Research Of P2P File-Sharing Encrypted Traffic Identification Technology Based On Statistical Behavior

There are some advantages of P2P (Peer-to-Peer) network over traditional Client/Server distributed network, such as no-centric, scalable, robust and load balancing. So, P2P network is widely employed in field of military, commercial, government and communication. But when people enjoy the convenience of P2P file-sharing, it has brought rise of many new issues for society, such as network bandwidth exhausting, intellectual property and malicious Trojan horse virus attacks and so on. Therefore, we need to effectively and reasonably monitor P2P file-sharing traffic for ensuring availableness of the network. However, with the increasing of user's security awareness, various data encrypted technologies have been widely employed in P2P file-sharing system, which bring a big challenge.This paper does deep-going research into current main technologies which are available to P2P encrypted traffic identification.
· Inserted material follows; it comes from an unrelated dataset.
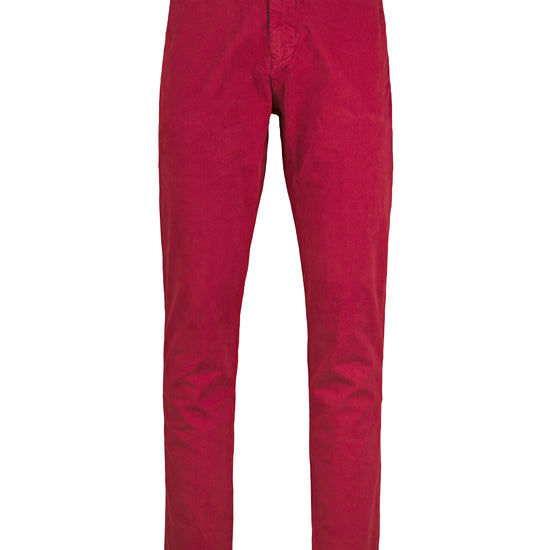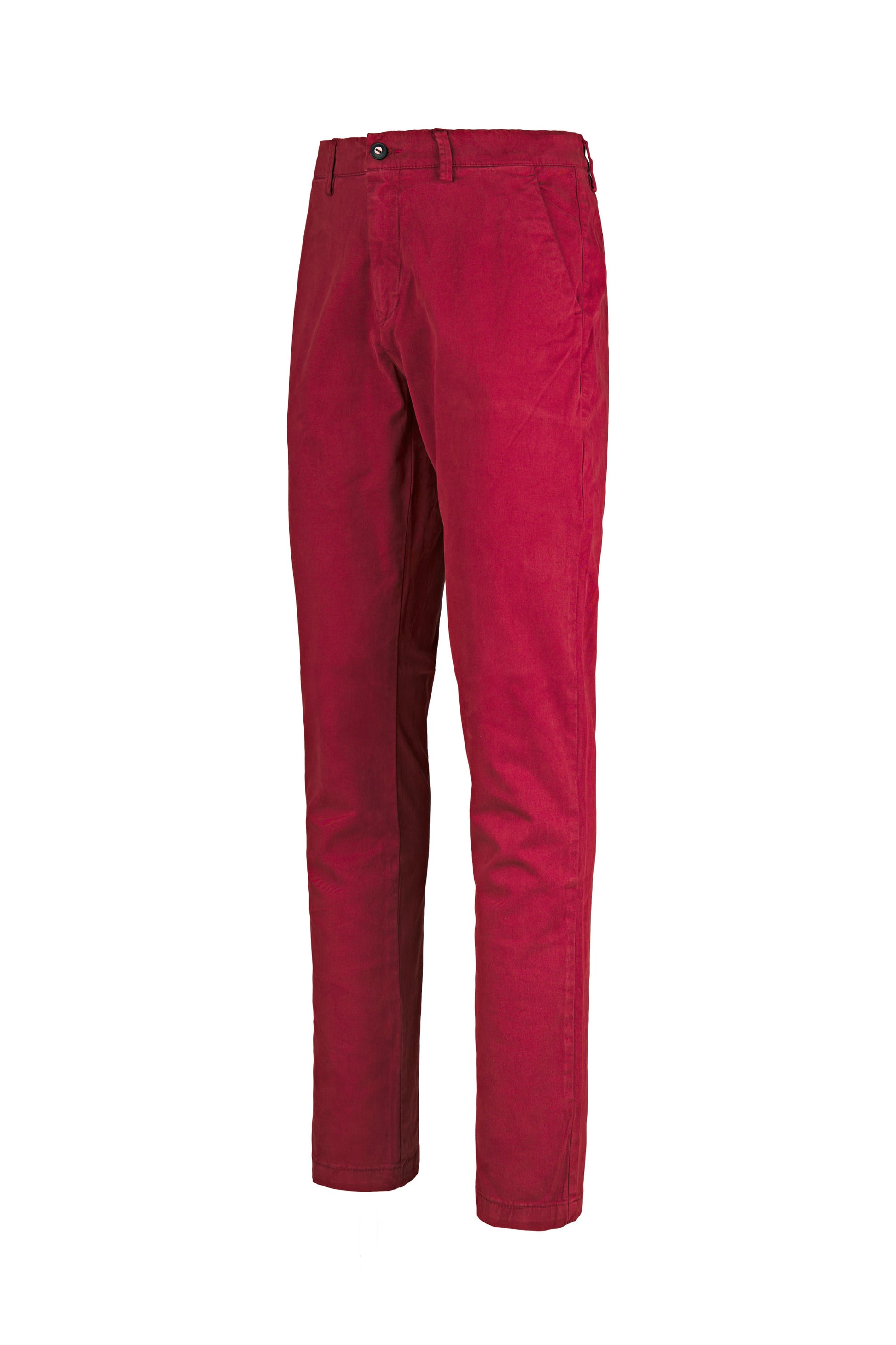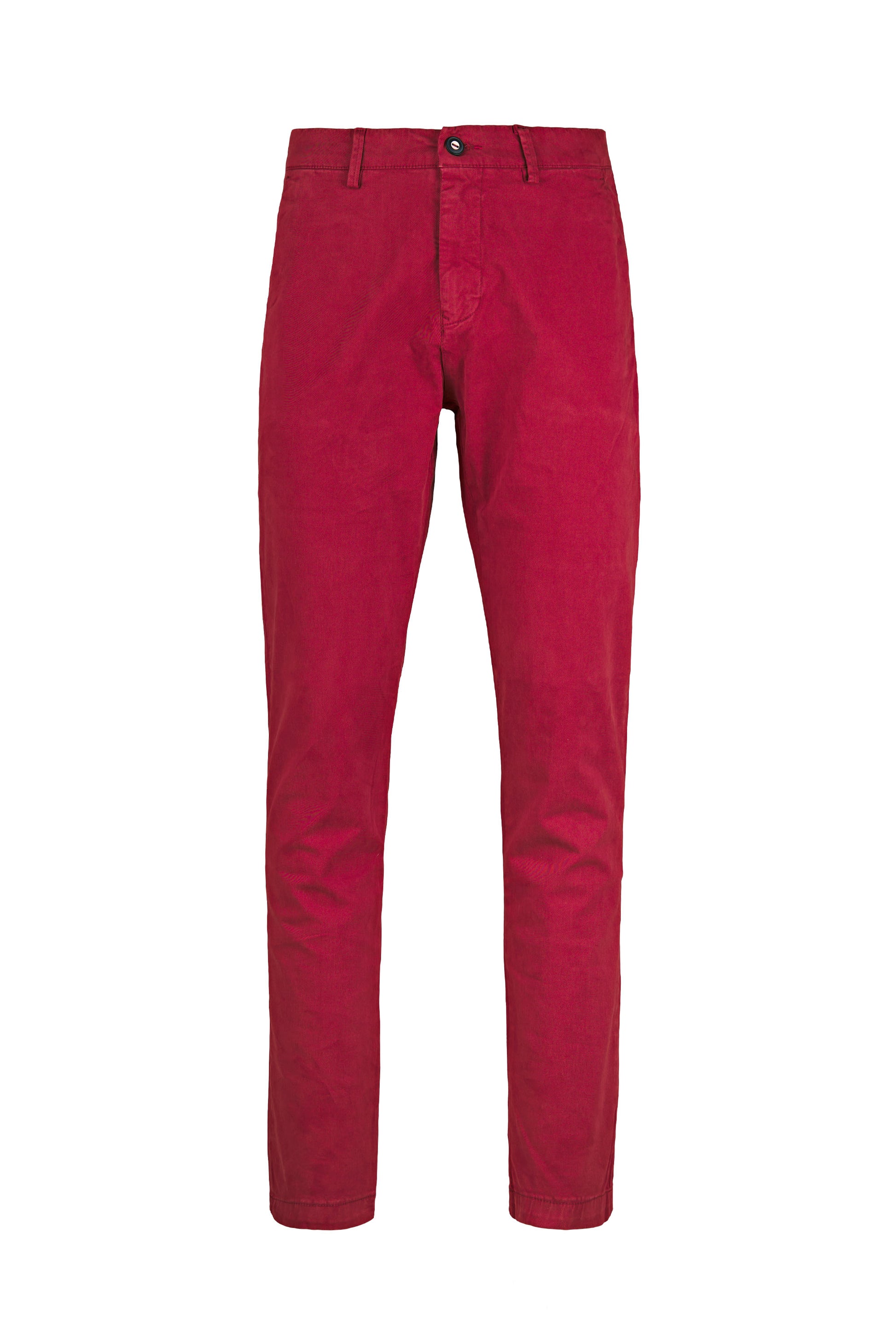 Clean and practical, these stretch cotton chinos balance smart looks with everyday comfort. A mid-rise waistband with belt loops and a flat-front silhouette keep the line neat, while slanted French pockets offer easy access. The fly closes with a concealed zip and a waist button under a clean placket. The leg is straight and gently tapered for a slim, non-restrictive profile; the lightly elastic twill provides freedom of movement and retains its shape throughout the day.

In order to efficient identify three main P2P file-sharing encrypted traffic (BitTorrent, eDonkey and Xunlei), a behavior-based encrypted traffic identification was proposed. Two key parts of this paper include:Firstly, extraction of statistical behavioral characters was proposed. Through theoretical analysis and experimental verification, an efficient identification scheme which can efficiently identify three P2P file-sharing encrypted traffic only by extracting the two characters including direction and size of three front data packages of TCP traffic was proposed. Then, we verify further about the minimal data packages which used to extract characters when identify every target traffic efficiently.Secondly, this paper focuses on choice of machine learning algorithms. By the comparative analysis and experimental verification of identification efficiency of several machine learning algorithms in current P2P traffic classification field, we found the high efficient identification of C4.5 decision tree classification algorithm by little time, which is suit to realize the goal of this paper.Finally, we make local optimization of classification model. By online classification experiments, the result shows that the classification algorithm is suit for efficient classification to P2P file-sharing encrypted traffic in high bandwidth. Then, the factors which affect the correctness degree of classification were analyzed.